Robert went down for more liquor. He came back with a bottle, tonic, a tumbler of ice, a small dish of lime slices. I exclaimed at the sudden abundance and lit a joint.
“Let me tell you about Colombia,” I offered, wheezing out a lungful of dope.
“Excellent,” Robert said. “This will be the third or fourth version I’ve gotten. The novelist inside me rejoices.”
“We had no idea what fate held in store for anybody,” I said. “You have to picture all this by the way I tell it to you. I mean it was his movie, but it’s kind of my movie too. Bearing us all to the bloody slaughterhouse.”
“Fantasy island,” Robert said, coughing up smoke, splashing vodka over ice.
“The way is slippery, you understand. No flares or impaled natives’ heads to mark the route.” I began to whisper. “Only this bottle of Smirnoff’s and these blinking skyscrapers.” They were starting to inhabit me, all of them: Paul, Irma, Ray, Valentina. And Michael. Yes, especially Michael. “Oh yes, amigo. There we were, playing a hand of Where He Shoves It . . .” Moved by a stoned, mournful, expansive impulse I burst into song: “South of the border, down Mexico way . . .”

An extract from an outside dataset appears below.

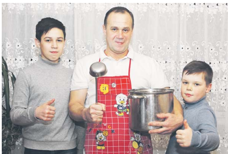
Самый вкусный борщ — у папы!

Екатерина АЛЕКСЕЕНКО.

“You are bombed, my dear.”
“Just setting up the mood. We want that Orson Welles, Marlene Dietrich atmosphere . . .” I stalked around the picnic table, hunching my shoulder like Nosferatu. I had an exalting sense of the Chelsea roof as the recurring center of a cosmic, convoluted narrative. I really did feel myself a tenant in space and time, whisked back to the patio of the Caribe or the Capilla del Mar, flanked by sex-hungry soldiers waving their submachine guns. “You are getting the altitude sickness, señor. And now we are in the bruise-purple clouds that squat bestride the majestic Andes . . . it was a long time ago, amigo . . . Who would believe we would ever be this old this tired-out this hopeless . . . our sagging bellies dewlapped like bulls’ throats, these hanging wallets of flesh . . . and as far as my memory goes, I had him buried as decently as the place would permit . . .”
I took a long hit off the joint and felt the empty air where I thought my head was.